The median rating of the 20 teams was only higher than it is now last season and in 2007/08. At the top end of the league, the average rating of the top six sides is currently at its fourth highest, with 2008/09 joining the previously two mentioned campaigns.
Of course, with Liverpool being the fourth best team ever in this model, they do drag the averages up a bit. However, dividing teams by arbitrary rating bands also shows 2019/20 in a good light. Four previous seasons had an extra team rated at 1800 elo points or better, but only one of the quartet – 2018/19 – also saw as few rated below 1700.
One way in which the Premier League is perceived to be weaker at present is the relative struggles of some of the established big six clubs. That is reflected here, with Liverpool the only member of the sextet who hasn’t seen their elo rating drop since the end of 2018/19.

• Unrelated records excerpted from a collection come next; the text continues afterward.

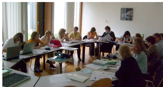
Gelsenkirchen, May 2008
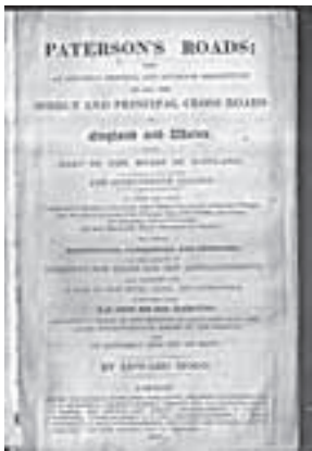
Patterson's Roads describes the principal roads in the coaching era
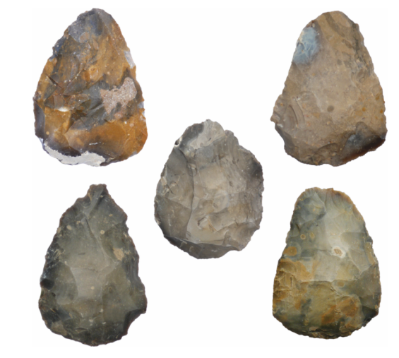
Hand Axes reported from Licence Area 240

The work proved successful and several Palaeolithic finds were recovered including worked stone, a mammoth tooth and a bone thought to have come from a red deer.
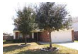
5422 Misty Dawn - 4/2.5/2 A FAIRFIELD - $159,900
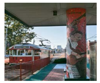
Baxter Buck
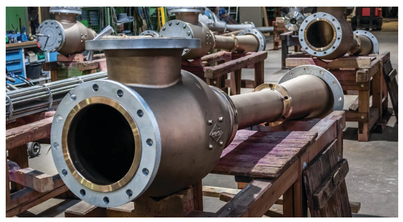
Custom-designed jet ejectors are produced and tested in the main plant in Hanover, Germany
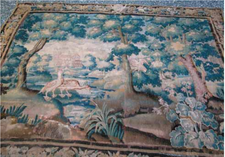
239. HAND WOVEN BELGIAN TAPESTRY, 18 th Century.
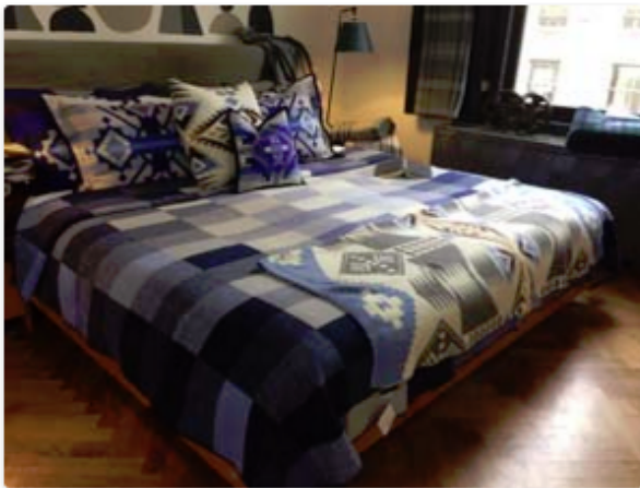
Pendleton's Boro Patchwork bed ensemble

Contemporary designs on offer, along with products to improve a night's sleep
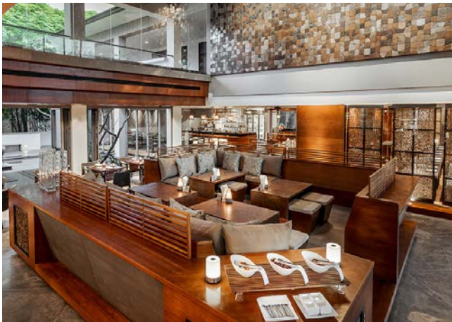
Oriental Spoon Restaurant

Open daily from 5:30pm until midnight (last orders 11pm).

It’s not as if the other big teams have fallen off the face of the earth into League Two, there’s still three European finalists from last season among them. And with that in mind, let’s take a look at how many of the continent’s elite teams reside in the Premier League at present, and how many did so in years gone by. Obviously teams in one league have little impact on the strength of those in another, but the findings are still of interest.
The number of English team’s in the continent’s top 10 has halved since the end of last season. No wonder Liverpool are strolling toward the league title, eh? Except that the Premier League has never had more teams in Europe’s top 20 or top 50, and it has all 20 teams within the top 100 for the first time. And that’s with West Bromwich Albion (who are ranked 90th) outside the top division while Norwich City (98th) are in it.
So what have we proved here? Absolutely nothing, this is just one way of assessing the standard of football teams. What the elo data suggests is that while the level of most of the top teams has dipped since 2018/19 – the other five members of the big six have dropped their elo rating by an average of 2.9% – on the whole the overall standard of the Premier League is about as strong as it ever has been in the past.
But none of this matters. What matters is winning the league, irrespective of how weak or strong it might be. Liverpool will be triumphant, and haters are gonna hate regardless. Their achievement won’t be diminished by accusations of topping a soft league, be they correct or – as this data suggests – more likely otherwise.